**Task:** Return the data below exactly, minus the pictures.

**Records supplied:**

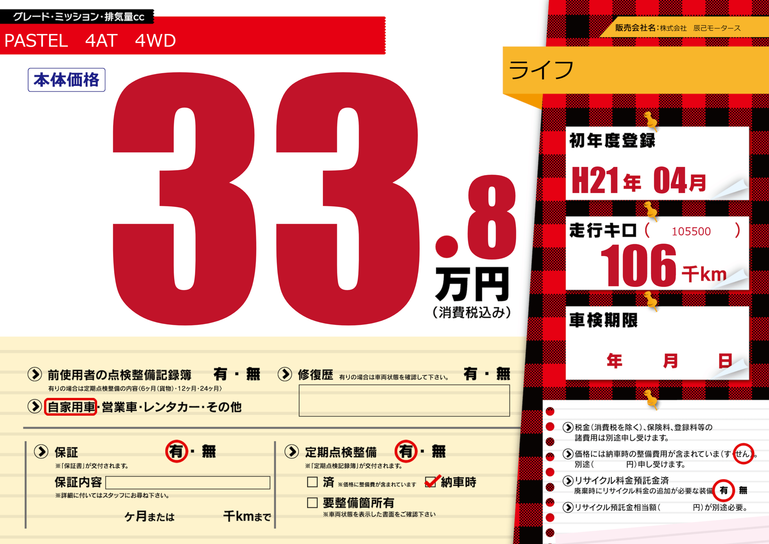 | 走行キロ | 10.6万km | 初年度登録 | H21年04月 |
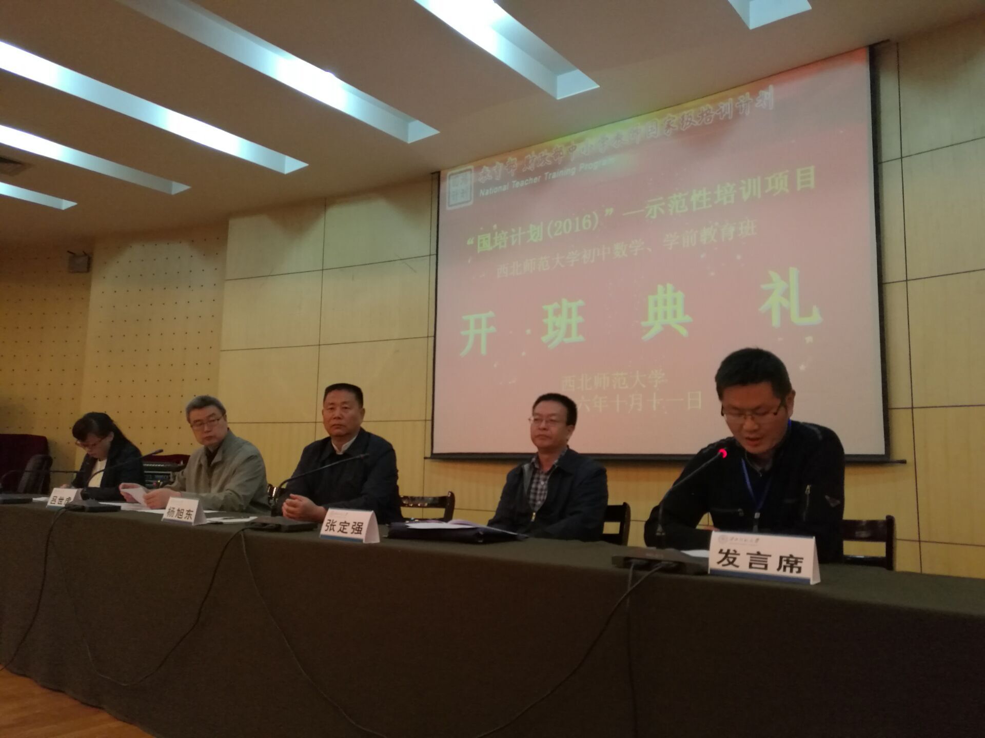 2016年10月10日,“国培计划(2016)”—一线优秀教师培训技能提升研修项目初中数学班暨学前教育骨干教师培训项目班开班典礼在公司举行。公司党委书记杨旭东、副经理吕世虎教授、学科负责人张定强教授、张国艳副教授、班主任及来自17个省(市、区)的100名骨干教师参加了开班典礼。
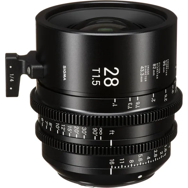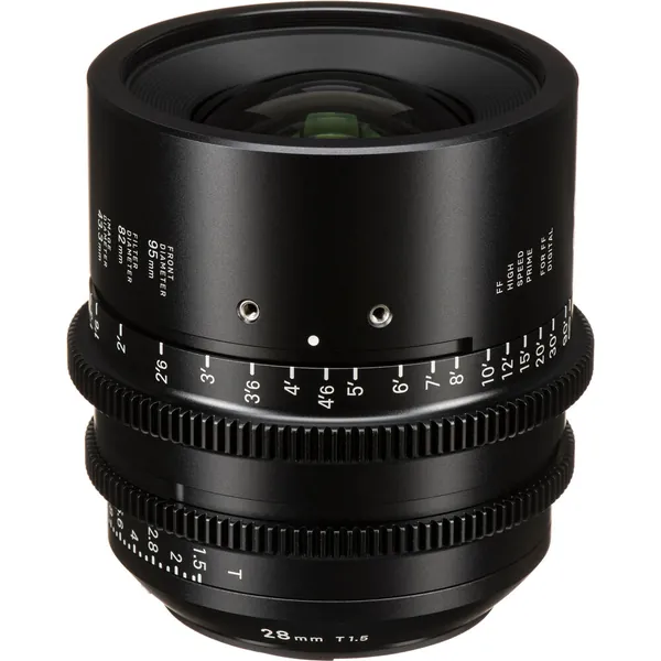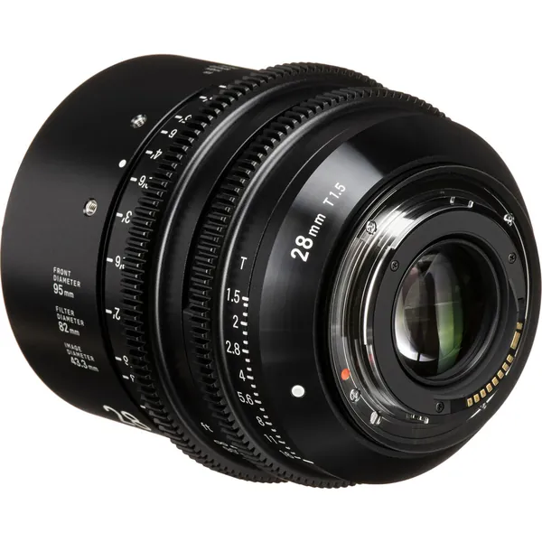 Sigma's FF High Speed Prime Lenses combine the same high-quality optics and mechanics of their Global Vision still line in a cine-oriented design. This 28mm Canon EF-mount prime is a wider focal length in the series, offering full-frame sensor coverage, 6-8K resolution, and a T1.5 aperture in a compact, relatively lightweight form; it is also available in Sony E and PL mounts. A common 95mm front diameter and similar physical attributes across the lens line make it easier and quicker to mount lens accessories such as matte boxes, follow focuses, and lens control motors.
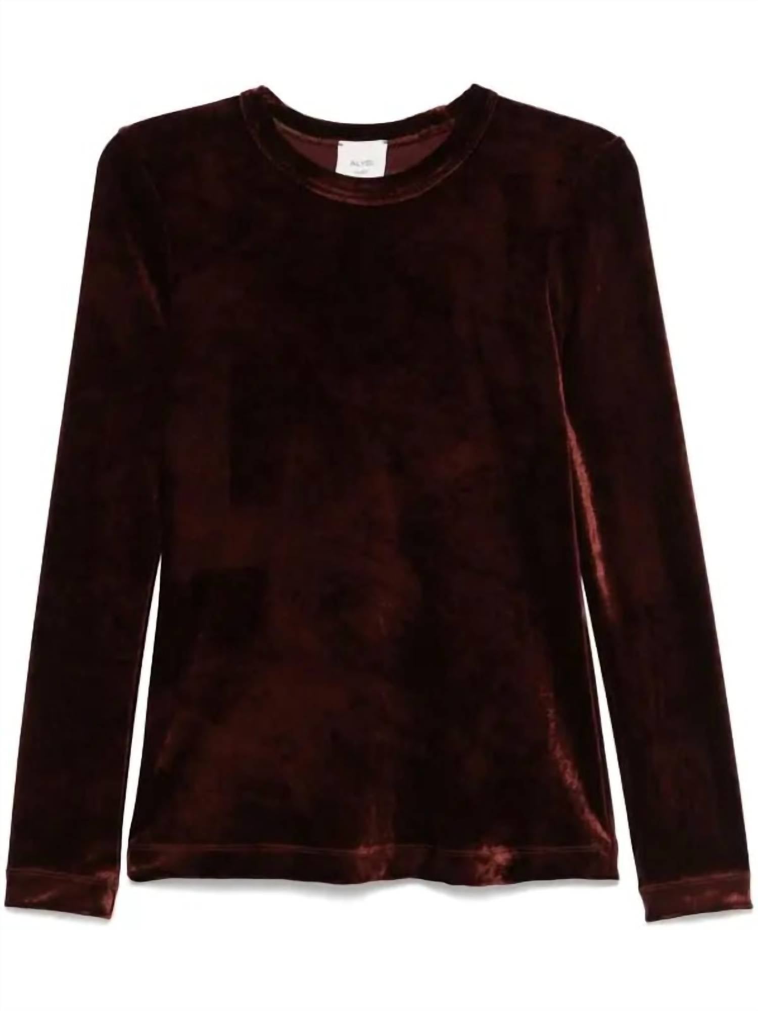 Embrace chic minimalism with the Women's Maglia Velvet Feel Scollata by ALYSI, crafted for style and comfort. Featuring long sleeves and a crewneck design, this tee in a solid choco hue is perfect for any vacation ensemble. Made from a luxurious Viscose Blend, it offers a smooth, velvet feel against the skin. The easy pull-on closure adds convenience, while hand wash only care ensures longevity and maintains the fabric's softness.
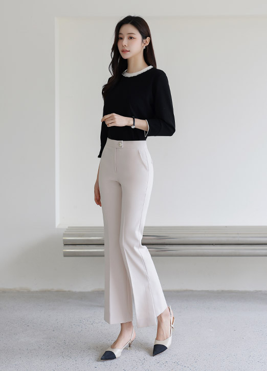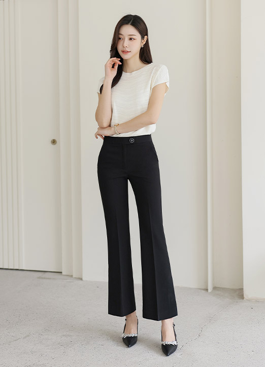 무릎 밑으로는 자연스럽게 퍼지는 부츠컷 라인으로
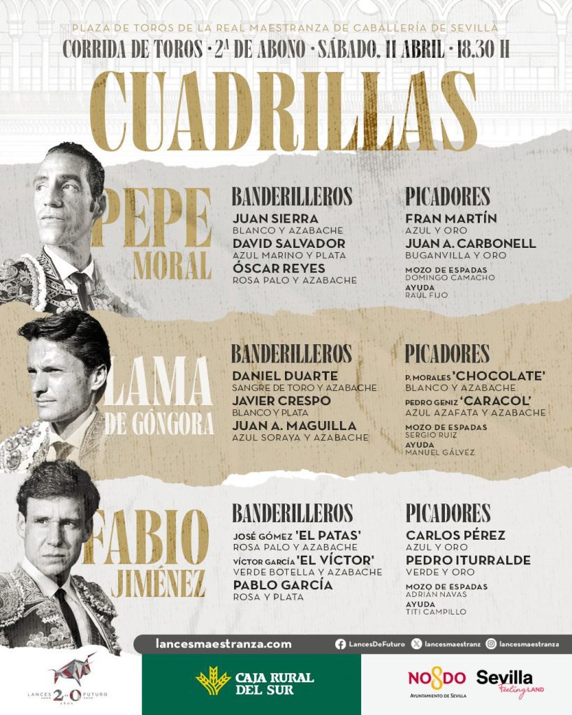 El cartel reúne a Pepe Moral, Lama de Góngora y Fabio Jiménez, tres toreros que afrontan una cita clave en el inicio de la feria, marcada por la exigencia y la oportunidad de abrirse paso en uno de los escenarios más determinantes de la temporada.

**Answer box:**
 | 走行キロ | 10.6万km | 初年度登録 | H21年04月 |
 2016年10月10日,“国培计划(2016)”—一线优秀教师培训技能提升研修项目初中数学班暨学前教育骨干教师培训项目班开班典礼在公司举行。公司党委书记杨旭东、副经理吕世虎教授、学科负责人张定强教授、张国艳副教授、班主任及来自17个省(市、区)的100名骨干教师参加了开班典礼。
 Sigma's FF High Speed Prime Lenses combine the same high-quality optics and mechanics of their Global Vision still line in a cine-oriented design. This 28mm Canon EF-mount prime is a wider focal length in the series, offering full-frame sensor coverage, 6-8K resolution, and a T1.5 aperture in a compact, relatively lightweight form; it is also available in Sony E and PL mounts. A common 95mm front diameter and similar physical attributes across the lens line make it easier and quicker to mount lens accessories such as matte boxes, follow focuses, and lens control motors.
 Embrace chic minimalism with the Women's Maglia Velvet Feel Scollata by ALYSI, crafted for style and comfort. Featuring long sleeves and a crewneck design, this tee in a solid choco hue is perfect for any vacation ensemble. Made from a luxurious Viscose Blend, it offers a smooth, velvet feel against the skin. The easy pull-on closure adds convenience, while hand wash only care ensures longevity and maintains the fabric's softness.
 무릎 밑으로는 자연스럽게 퍼지는 부츠컷 라인으로
 El cartel reúne a Pepe Moral, Lama de Góngora y Fabio Jiménez, tres toreros que afrontan una cita clave en el inicio de la feria, marcada por la exigencia y la oportunidad de abrirse paso en uno de los escenarios más determinantes de la temporada.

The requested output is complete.